Board of Health members – elected officials and several citizen appointees – called the budget an unfortunate but necessary measure.

Board member Steve Corker, a Spokane city councilman, said voters have been sending a clear message against raising new revenues.

“So now come the cuts,” he said, expressing disappointment in the steady erosion of public health funding and the accompanying loss of services.

Spokane Mayor Mary Verner, who also sits on the health district board, likened the budget process to a Hobson’s choice – the choice between what’s offered and nothing at all.

“A persistent anti-government, anti-tax push has led us to the point where government has to cut services,” she said.

Health district funding and staff have been slipping for years.
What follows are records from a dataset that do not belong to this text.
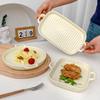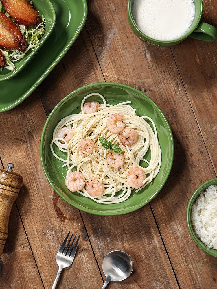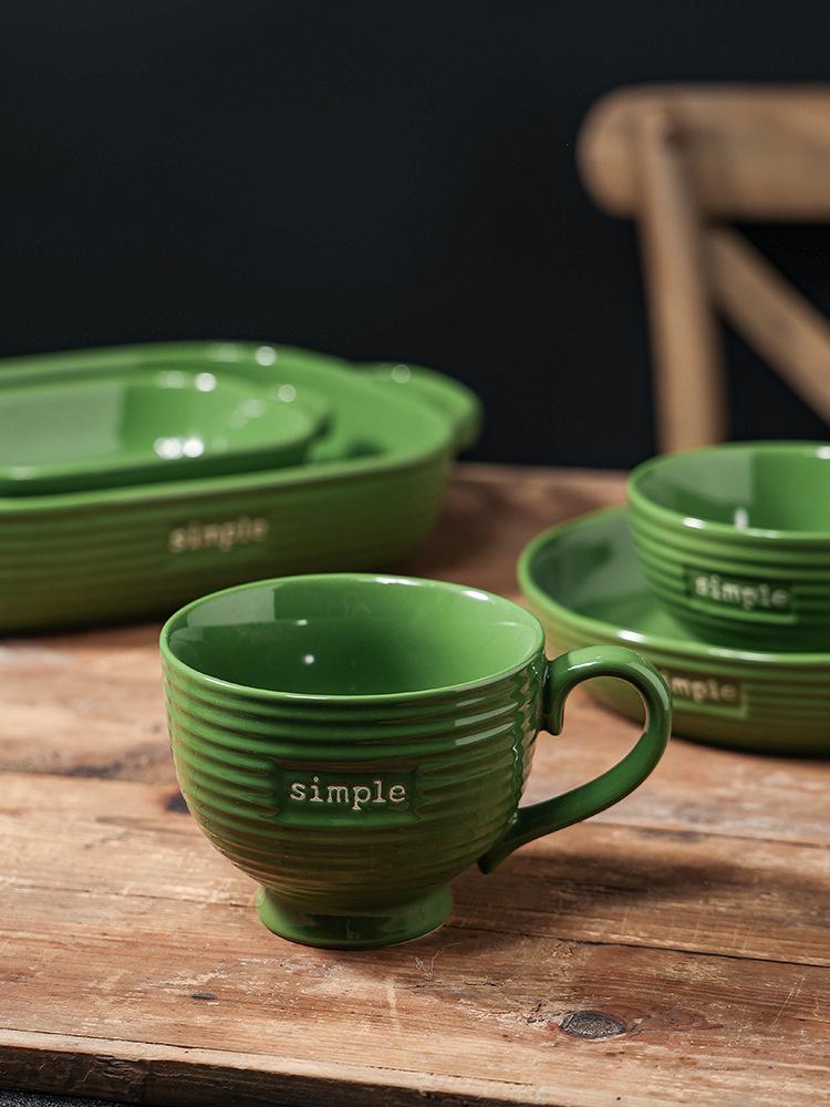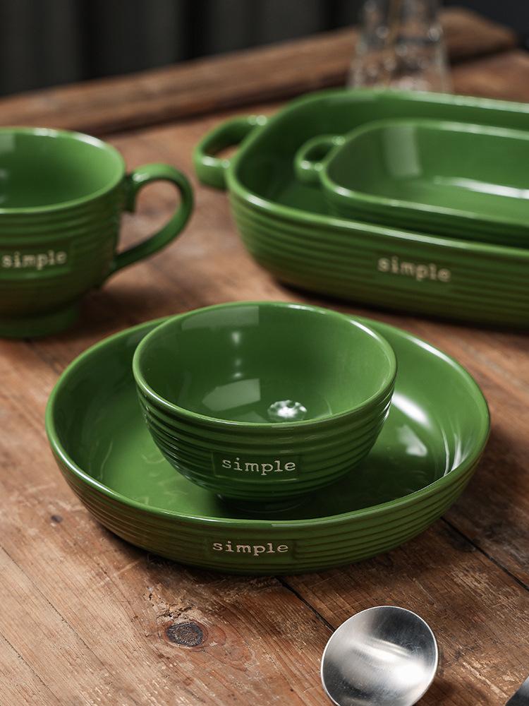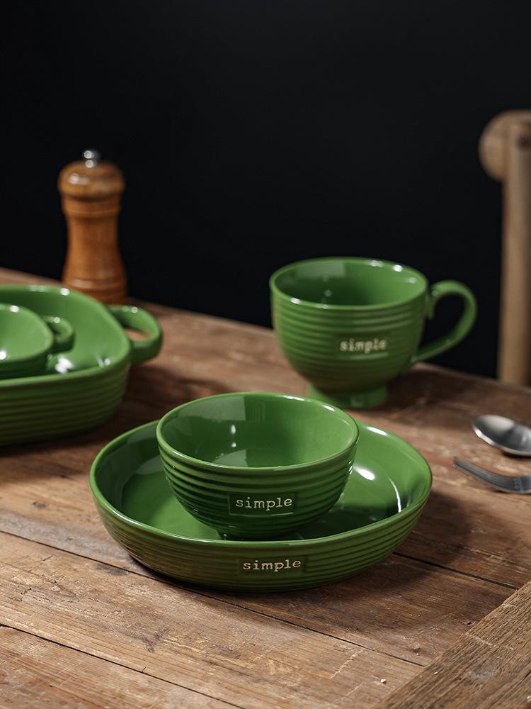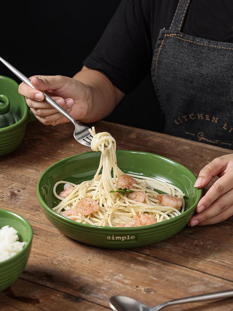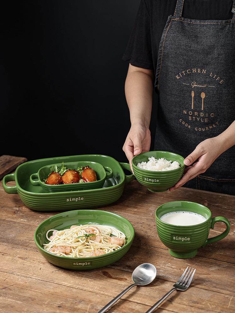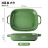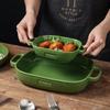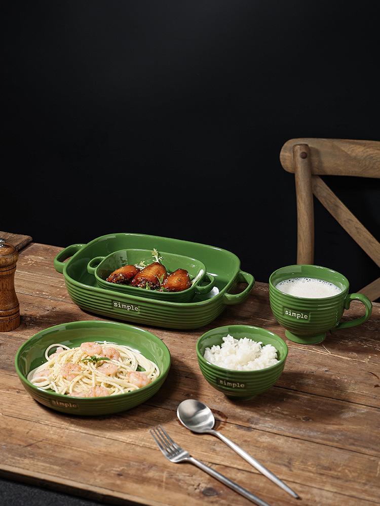 Plato de cena de cerámica creativo Huafu, rectangular, binaural, para horno doméstico, sopa, ensalada, color verde oscuro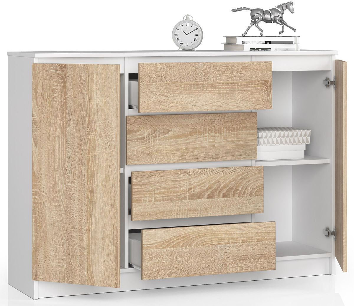 Komoda K 140 v barvě dubu sonoma a bílé je univerzální nábytek, který může plnit mnoho funkcí a skvěle se hodí do různých místností. Skvěle poslouží jako prádelník v ložnici nebo dětském pokoji. Může pojmout také různé drobnosti, usnadňující udržení pořádku v obývacím pokoji, skrýt méně používané nádobí v jídelně, nebo dokonce sloužit jako úložný prostor pro čepice, šály či klíče v předsíni.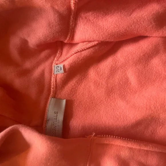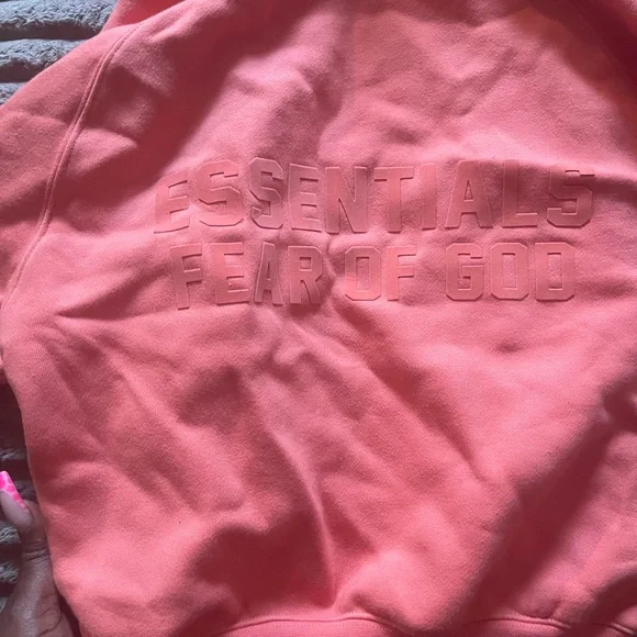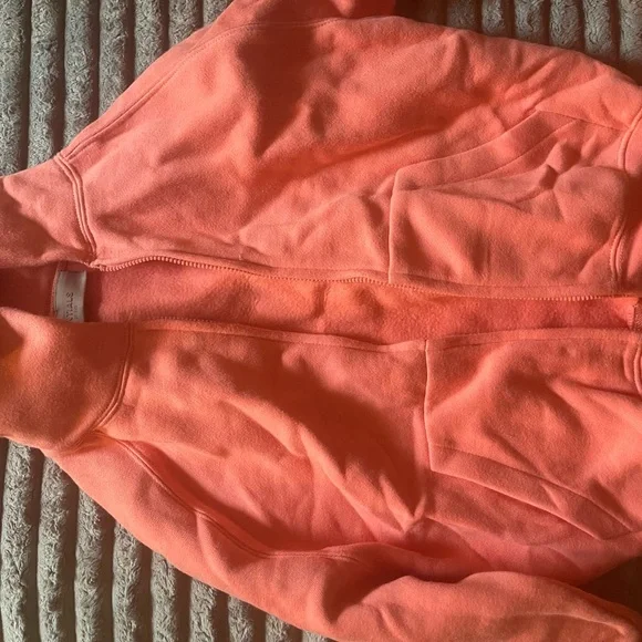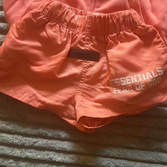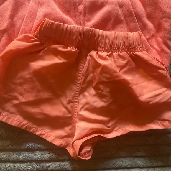 Bright coral hoodie and shorts. Perfect for casual wear.
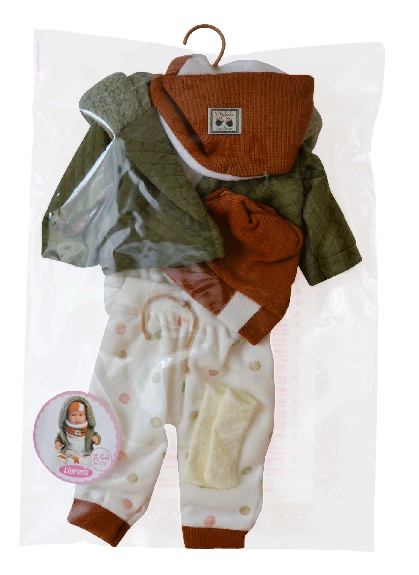 Stilski 6-delni komplet oblačil za punčko New Born v velikosti 43–45 cm spremeni vsako igro v realističen doživetje. Komplet je ročno izdelan v Španiji, zato izstopa po kakovosti in podrobnostih. Praktično pakiranje z obešalnikom olajša shranjevanje. Idealno za otroke od 3 let.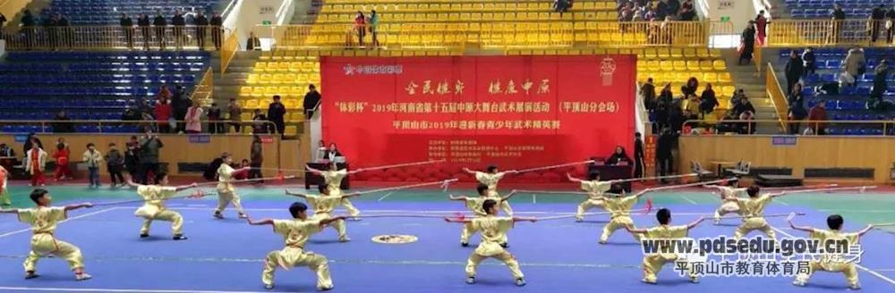 | 繁体 | 网站已支持ipv62月16日,“体彩杯”2019年河南省第十五届中原大舞台武术表演活动(平顶山分会场)暨平顶山市2019年迎新春青少年武术精英赛在市体育村隆重举办。本次活动是由河南省体育局主办,河南省武术运动管理中心、平顶山市教育体育局承办,平顶山市体育村、平顶山市武术协会协办。市政协副主席李建华,市教育体育局党组成员、副局长郭志勇,市教育体育局副调研员刘子东等领导出席本次活动。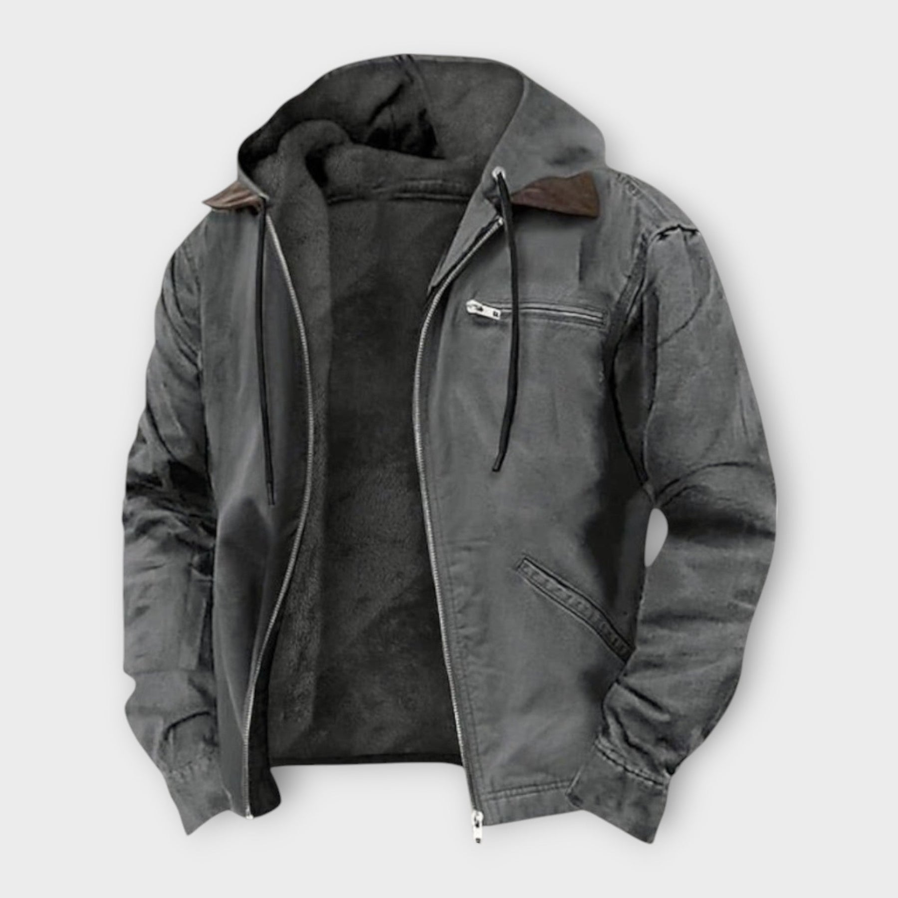 Denne hettejakken for menn til høsten har et formet ytterlag og et foret innerfôr for ekstra isolasjon. Den har en hette med justerbare snorer, samt flere lommer for oppbevaring av hverdagsgjenstander. Den er egnet for uformelle anledninger eller situasjoner som krever et mer strukturert utseende, og er et tilpasningsdyktig yttertøy for de kaldere månedene.

Administrators had trimmed programs in an attempt to keep the district’s myriad services intact.

This year is different, said health district administrator Torney Smith.

Deep budget cuts require the elimination of programs.

The district was able to abandon its water testing lab as private businesses had already begun offering similar services.

Tougher decisions surrounded the programs for children.

Services that helped coordinate specialist care for children with hearing loss, for example, will be reduced and absorbed by health staff.

And money the district spent to support the Maxillofacial Team, which coordinates surgeries, therapy and home visits for babies with cleft lip and palate, will disappear Dec. 31.

Health board members instructed Health Officer Dr. Joel McCullough to work with other community health care providers in hopes of transitioning the program to another agency.

McCullough has already met with the Spokane County Medical Society and Rockwood Health System’s Deaconess Hospital.

Next week he is scheduled to meet with officials of Providence Sacred Heart Medical Center.

Verner expressed confidence that the coordination of cleft lip and palate services can be successfully moved to another agency.

Shriners Hospital for Children also intends to start a program to treat children with cleft lip and palate, although its program is still in the planning phase.